Entró como si fuera de la casa, sin esperar a ser invitado. Usualmente tal procedimiento me hubiera alarmado, pero en ese momento no sentí miedo alguno. Con la luz tenue del pasillo, lo pude ver detalladamente. Al quitarse la gorra, logré ver una tez blanca y ojerosa, el cabello despeinado, un abrigo harapiento y unas manos mugrosas. Los ojos eran claros y lucían ansiosos… Yo simplemente esperé a ver lo que él tenía que decir.
-Padre, soy un ladrón y pertenezco a una pandilla de bandoleros. No, no tenga miedo. Antes era un buen católico, pero no he practicado mi religión desde hace años. Esta noche asalté a un obrero, el cual acababa de recibir su paga. Lo agarré por el cuello, y tomé de su bolsillo un rollo de billetes, enredado entre ellos había un rosario. Cuando vi esas cuentas, sentí un tremendo escalofrío. De repente vi delante de mí, la cara de mi madre. Como una centella, le tiré el dinero en las manos al hombre, gritando: ‘¡Lárgate! ¡Yo me quedo con esto!’ Antes de que él pudiera gritar, corrí, volando, a través del callejón a esconderme, para sentarme y mirar el rosario.

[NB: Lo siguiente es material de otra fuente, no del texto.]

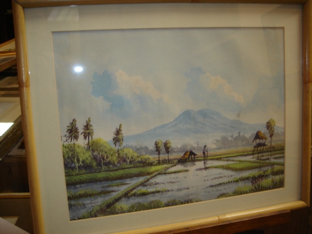 WATERCOLOUR 9/i X 12/i PADDY FIELDS IN A BAMBOO FRAME

Me pareció ver nuestra casita en el campo, y a mi vieja madre (Que en paz descanse.) sentada en su silla en el portal con las cuentas del rosario en el regazo. El sol alumbraba, y los animales en la granja, hacían sus ruidos rutinarios, pero mamá me miraba a mí. ‘Que quieres, mamá?’ ‘Nada, hijo, solamente que seas un buen hombre. Yo estoy rezando el rosario por ti’. Padre… oí su voz tan claramente como estoy escuchando la mía, y me desmoroné. Resolví que iba a cambiar y a convertirme en un hombre honesto e ir a ver a un sacerdote esta misma noche. No creía encontrar sacerdote alguno a estas horas, pero creo que Dios se apiadó de mí cuando Él lo envío a usted.

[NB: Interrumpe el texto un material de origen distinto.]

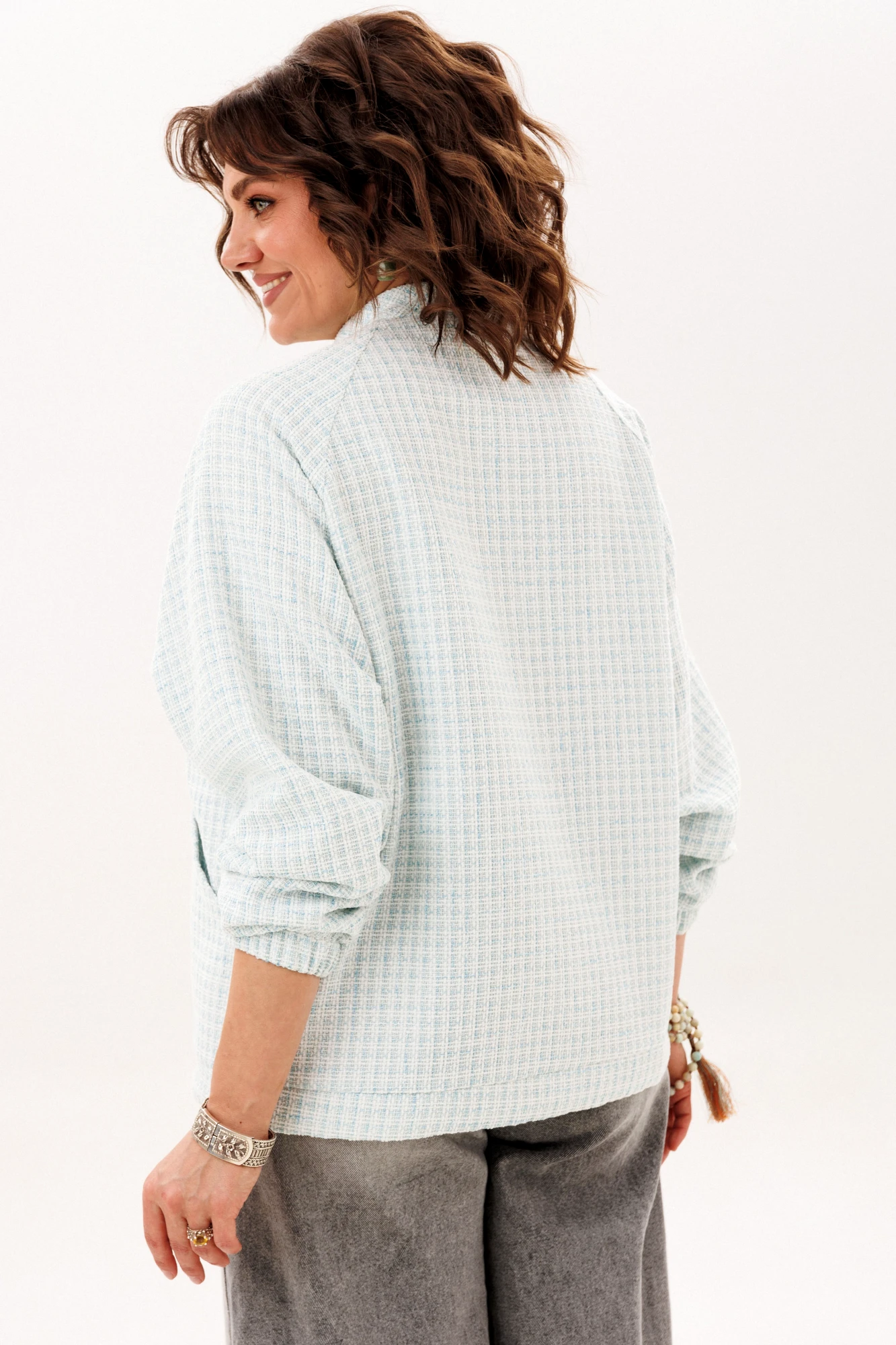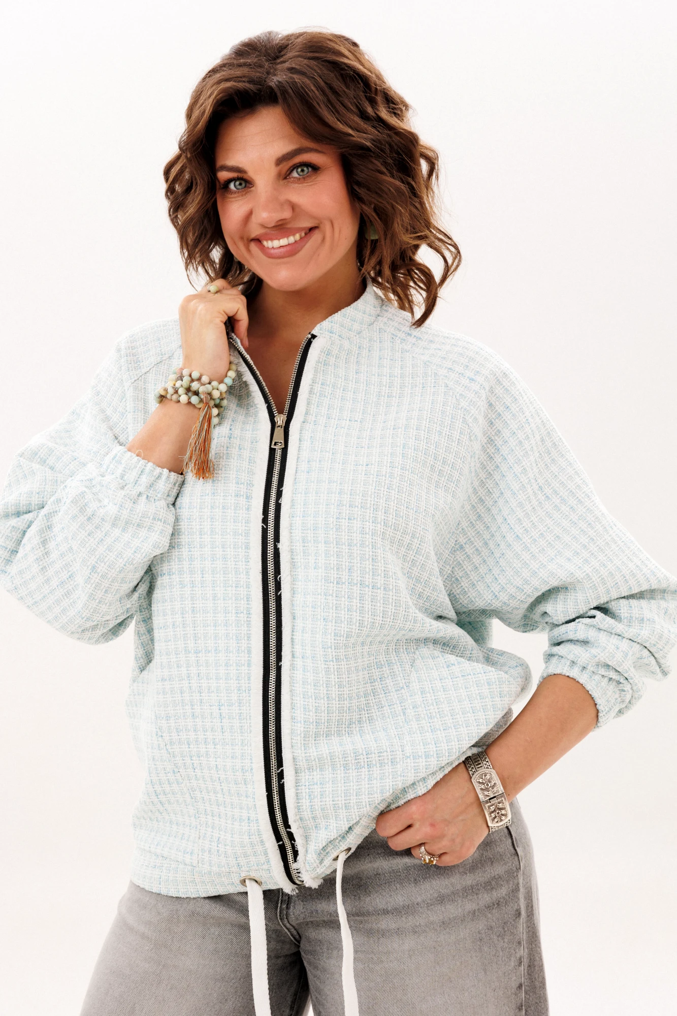 Этот блузон, словно воплощение непринужденной элегантности, предлагает ощущение комфорта, которое становится продолжением тебя. Его прямой силуэт, лишенный строгих границ, мягко следует за очертаниями фигуры, даря свободу каждому движению. Уют обрамляет горловину благодаря воротнику-стойке, создавая ощущение защищенности в прохладный день. Центральным элементом, приковывающим взгляд, служит застёжка-молния, чья фактурная текстура напоминает легкую, пушистую изморозь, придавая практичной детали неожиданно художественный эффект.

-Hijo – dije-, ¿quieres confesarte?
-Eso es lo que me trajo aquí, padre.
Entramos en un pequeño cuarto donde tenía una estola y una rejilla, y él se arrodillo e hizo su confesión. Fue una escena realmente extraña. El cuarto en penumbra, con solamente la lámpara que alumbraba tímidamente desde afuera, con la casa totalmente en silencio, y el majestuoso sonido del campanario anunciando la media noche. En medio de todo, la labor de Dios se logró, y cuando nos hallamos parados en la puerta, él me dijo:
-Padre, usted puede confiar en mí. No tengo un centavo en este mundo. Le devolveré la plata que usted me preste, el próximo sábado.

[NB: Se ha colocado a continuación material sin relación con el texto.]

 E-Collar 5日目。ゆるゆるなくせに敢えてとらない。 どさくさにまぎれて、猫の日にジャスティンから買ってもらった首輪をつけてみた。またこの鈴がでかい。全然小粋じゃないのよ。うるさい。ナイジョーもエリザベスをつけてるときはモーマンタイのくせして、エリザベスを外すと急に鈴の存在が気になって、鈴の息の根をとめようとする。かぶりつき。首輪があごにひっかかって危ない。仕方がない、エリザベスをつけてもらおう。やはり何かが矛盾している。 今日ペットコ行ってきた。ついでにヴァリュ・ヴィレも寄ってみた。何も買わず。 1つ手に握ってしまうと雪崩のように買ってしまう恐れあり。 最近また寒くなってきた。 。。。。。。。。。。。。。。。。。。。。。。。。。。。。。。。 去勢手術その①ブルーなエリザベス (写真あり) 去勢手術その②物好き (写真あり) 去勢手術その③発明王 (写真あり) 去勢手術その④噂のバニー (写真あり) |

Puse mi mano en el bolsillo. Solamente tenía un billete de dos dólares.
-Lo siento – le dije-, no tengo nada más.
-Es suficiente, padre. Trataré de encontrar trabajo, y mientras tanto esto me alcanzará para la comida y el alojamiento que necesito. Regresaré el próximo sábado. Buenas noches.
-Que Dios te bendiga, hijo -le dije-, buenas noches.
Y cerré la puerta.
Me tomó un largo rato el poder dormir. La cara de ese pobre hombre la tenía delante de mí. El pequeño rosario, y la imagen vívida de su vieja madre en esa silla, en el portal, tal parecía que me seguían, aún cuando soñaba…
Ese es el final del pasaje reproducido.